Мужчина оглянулся на Горна. В его взгляде было раздражение. Он молча, быстро ударил Горна в нос. Горн видел удар и хотел увернуться, но тело не послушалось приказа мозга. От удара он осел, рядом с машиной. Носом дышать он больше не мог, а во рту почувствовал вкус крови. Но страха не было. Внутри была только злоба. Обеими руками он схватил мужчину за ногу, подтянулся к ней, и что было силы укусил. Мужчина издал короткий крик боли. Что еще важнее, Горн почувствовал, что поступал правильно, и то что он делает – имеет значение.
– Беги! – крикнул Горн. Её мелькающие ноги было последним, что он запомнил. От следующего удара он потерял сознание.
***
Очнулся он в больнице. Открыв глаза, он осознал, что его голова, нос и грудь перебинтованы. Он пошевелил пальцами ног. Все тело словно онемело будто было покрыто вековыми наслоениями коросты. Он хотел глубоко вздохнуть, не смог вздохнуть носом, и было больно. Он полежал так минут пять, щурясь на лампу. Лихорадило, но скучать мозгу было некогда.
Зашла медсестра.
– А, пришли в сознание. Как вы себя чувствуете?
Горн хотел саркастически покачать головой, но не смог
– А вы что не видите? – он выдавил с трудом. Во рту была засуха.

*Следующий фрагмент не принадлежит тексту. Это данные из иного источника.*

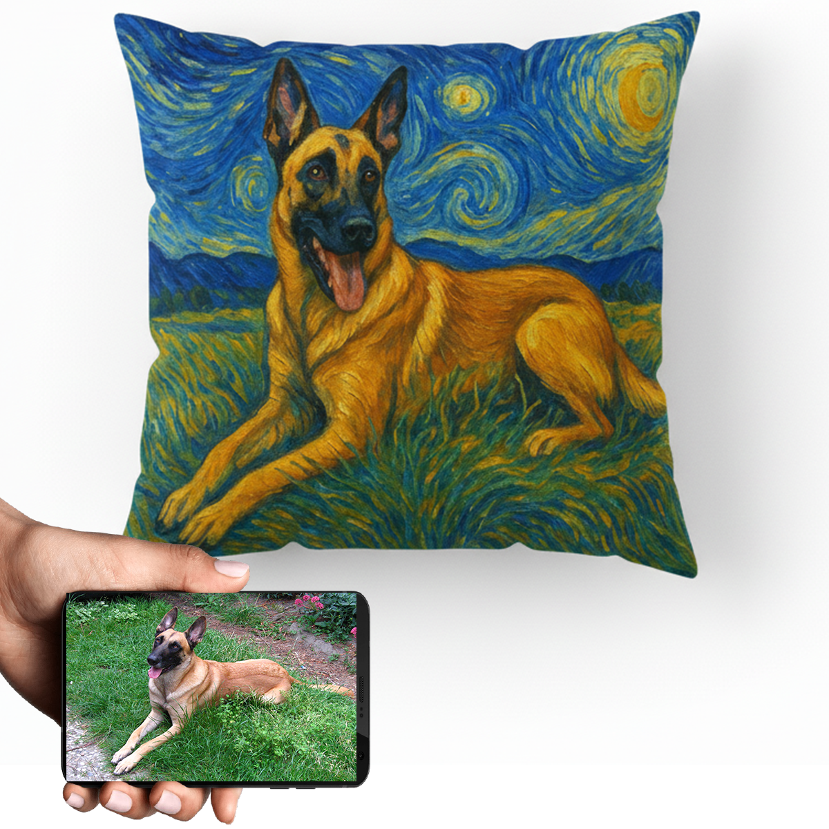 Transform your love for your Belgian Malinois into a stunning piece of art with our Personalized Starry Night Artwork Custom Belgian Malinois Pillowcase.

– Вы целую ночь были без сознания.
– Что у меня?
– Сотрясения мозга, перелом носа и ребра.
– Кто меня нашел?
– Прохожий. Увидел вас и вызвал скорую.
Горн хотел покачать головой, но и этого не смог сделать.
– Пить.
– Сейчас принесу, – она уже собиралась выходить, когда Горн спросил её – Кто нибудь ко мне за это время заходил?
Медсестра остановилась на ходу и повернулась к Горну.
– Да, полицейский заходил.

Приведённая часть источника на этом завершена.